Stock movements can be decomposed into two pieces:

Market movements
Stock specific movements

First, let’s start from the market part.
We already considered Hull’s paper approach to market timing models. I think it is the most logical and powerful approach.
We take macro factor universe (let’s say 20 different factors). Construct linear function on it. Then we optimize it’s coefficients (factor’s weights)
to get maximum correlation for our objective linear function to future 3M, 6M, 12M, 2 years average market return (SPY for example) based on shifted time frames (10 years for example).
Every week we update it. So ok. It shows 0.5 correlation to 6M and 0.7 for 12M, for example. The less forecasting period the less correlation and forecasting power, but higher potential annual return (cause we can buy and sell 4 times during a year based on 3M model and make profit maybe bigger than based on more reliable 12M model but trading only once a year). Based on that objective function and it’s current correlation you can choose the way use it in your trading in practice (I wrote about it).
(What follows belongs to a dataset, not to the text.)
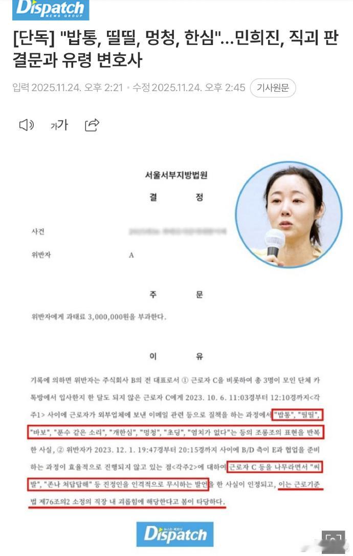 Dispatch曝光闵熙珍职场霸凌的判决书。判决书中写到闵熙珍在群聊中反复使用嘲讽性语言,闵熙珍则辩解称这是为了指导员工的工作态度。

Second, stock specific movements.
We use the same approach. We have bigger stock factor universe (let’s say 100 in P123 for example) and 4000 thousands tradable stocks.
Then we construct the same linear objective function with that factors. Choose forecasting times periods (assume 2 weeks, 1M, 3M, 6M).
Optimize it to get maximum correlation to future stock return based not on 16 years (as popular in P123) but on less periods, let’s say market cycle period 5-7 years. When we get objective function for each stock we averaged it weights based on sector or industry allocation (find average weights within market sector in order to avoid over-fitting).
When we get averaged function we screen our stock universe for the highest current correlation. Then we rank screened stocks by highest objective function value for long positions and lowest for short. Then we buy/short some portion of it (up and bottom part) based on our liquidity requirements. Then we exit position when stock drops from correlation screen/rank and objective function rank.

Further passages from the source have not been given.